◆ DATA EXTRACT
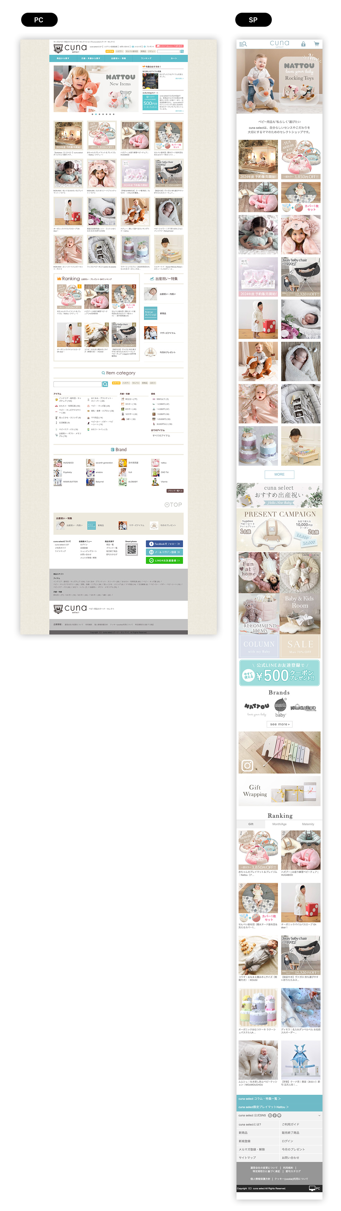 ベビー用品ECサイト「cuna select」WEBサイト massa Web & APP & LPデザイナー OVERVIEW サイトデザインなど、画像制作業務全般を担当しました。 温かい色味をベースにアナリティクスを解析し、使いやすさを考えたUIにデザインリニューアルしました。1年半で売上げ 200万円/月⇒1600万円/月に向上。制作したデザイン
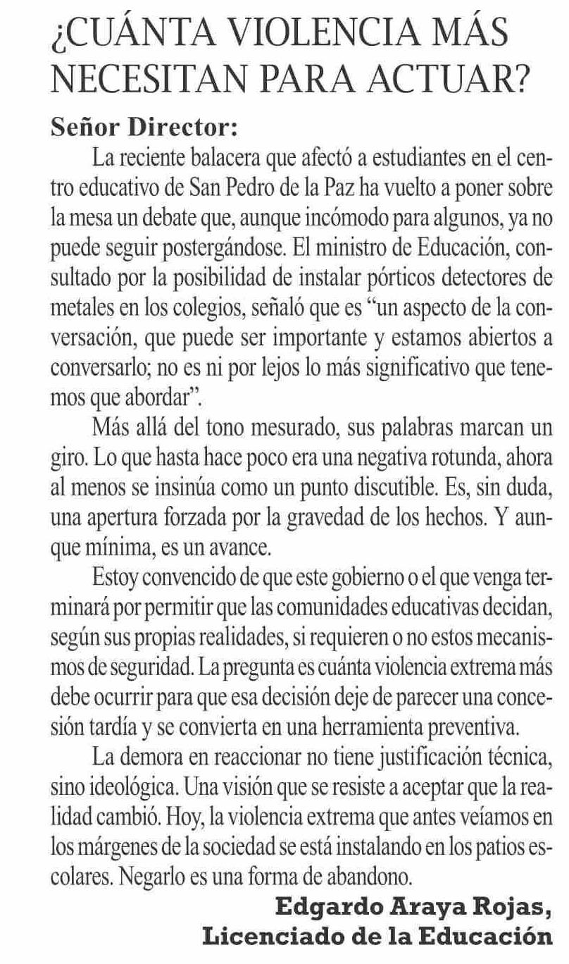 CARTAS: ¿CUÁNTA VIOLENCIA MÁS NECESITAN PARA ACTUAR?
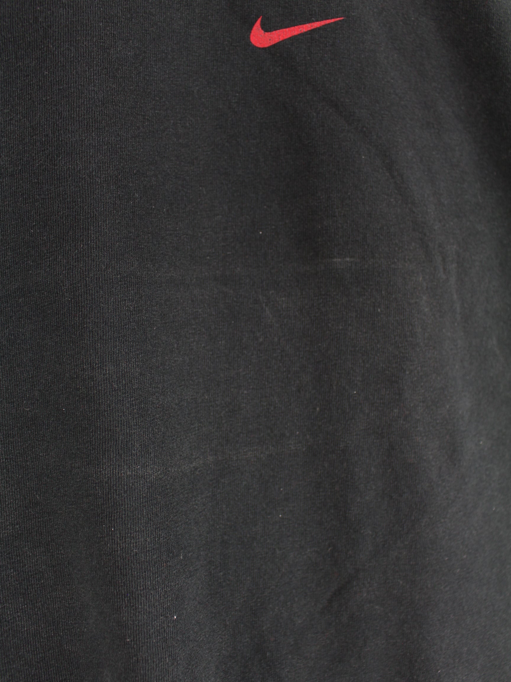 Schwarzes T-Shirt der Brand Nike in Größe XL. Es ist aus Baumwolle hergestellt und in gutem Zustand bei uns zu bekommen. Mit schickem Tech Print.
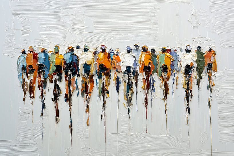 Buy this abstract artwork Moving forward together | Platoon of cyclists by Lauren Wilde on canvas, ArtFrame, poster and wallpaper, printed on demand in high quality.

==

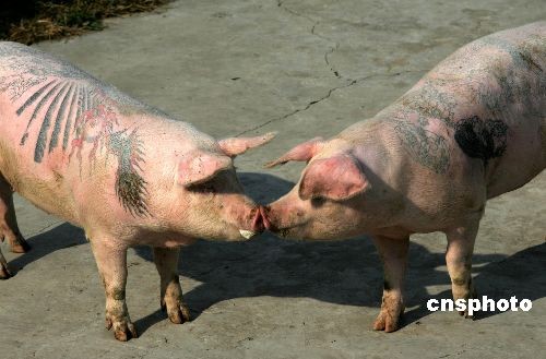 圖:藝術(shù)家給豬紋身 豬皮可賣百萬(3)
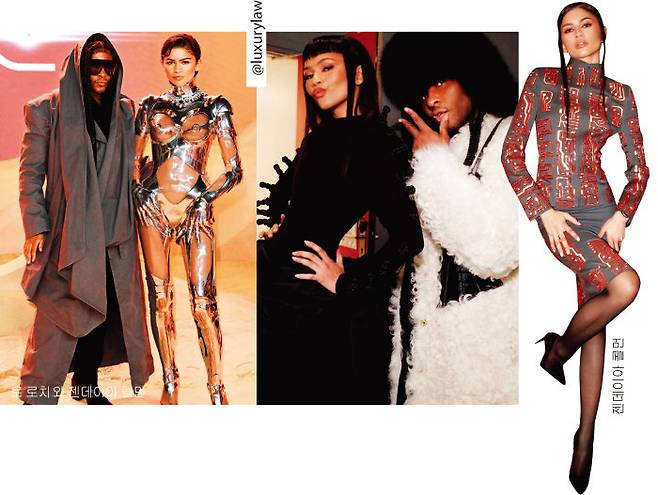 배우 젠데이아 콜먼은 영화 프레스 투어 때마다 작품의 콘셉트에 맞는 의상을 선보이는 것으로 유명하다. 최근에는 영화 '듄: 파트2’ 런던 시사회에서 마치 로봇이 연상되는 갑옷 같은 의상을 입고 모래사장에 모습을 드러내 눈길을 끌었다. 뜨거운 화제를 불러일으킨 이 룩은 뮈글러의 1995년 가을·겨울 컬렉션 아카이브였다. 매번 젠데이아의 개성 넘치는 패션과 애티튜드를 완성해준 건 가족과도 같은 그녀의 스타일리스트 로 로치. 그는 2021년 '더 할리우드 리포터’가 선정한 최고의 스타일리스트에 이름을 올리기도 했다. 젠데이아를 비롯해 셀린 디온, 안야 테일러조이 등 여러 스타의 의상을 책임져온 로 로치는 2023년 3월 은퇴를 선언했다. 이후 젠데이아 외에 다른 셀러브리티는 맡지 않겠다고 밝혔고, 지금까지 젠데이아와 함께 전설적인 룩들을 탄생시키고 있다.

* * *

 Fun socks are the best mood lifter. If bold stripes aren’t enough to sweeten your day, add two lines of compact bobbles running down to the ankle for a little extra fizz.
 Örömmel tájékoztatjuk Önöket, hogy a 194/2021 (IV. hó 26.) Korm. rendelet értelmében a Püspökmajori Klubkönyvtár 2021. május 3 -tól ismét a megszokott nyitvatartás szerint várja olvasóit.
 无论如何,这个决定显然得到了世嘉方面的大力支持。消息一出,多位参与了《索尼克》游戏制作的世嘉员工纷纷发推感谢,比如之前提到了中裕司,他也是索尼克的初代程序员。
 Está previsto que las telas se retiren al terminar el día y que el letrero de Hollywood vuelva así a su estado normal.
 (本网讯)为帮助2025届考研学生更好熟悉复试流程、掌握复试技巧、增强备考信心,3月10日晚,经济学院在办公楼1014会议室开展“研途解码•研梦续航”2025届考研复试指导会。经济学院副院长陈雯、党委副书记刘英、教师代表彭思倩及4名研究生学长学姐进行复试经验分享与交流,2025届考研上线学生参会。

◆ TASK REQUIREMENTS
Every line above from the line with "Está previsto que" to the line with "(本网讯)为帮助2025届考" is wanted, ends included; write them out exactly and add no other line.

◆ ANSWER BOX
 Está previsto que las telas se retiren al terminar el día y que el letrero de Hollywood vuelva así a su estado normal.
 (本网讯)为帮助2025届考研学生更好熟悉复试流程、掌握复试技巧、增强备考信心,3月10日晚,经济学院在办公楼1014会议室开展“研途解码•研梦续航”2025届考研复试指导会。经济学院副院长陈雯、党委副书记刘英、教师代表彭思倩及4名研究生学长学姐进行复试经验分享与交流,2025届考研上线学生参会。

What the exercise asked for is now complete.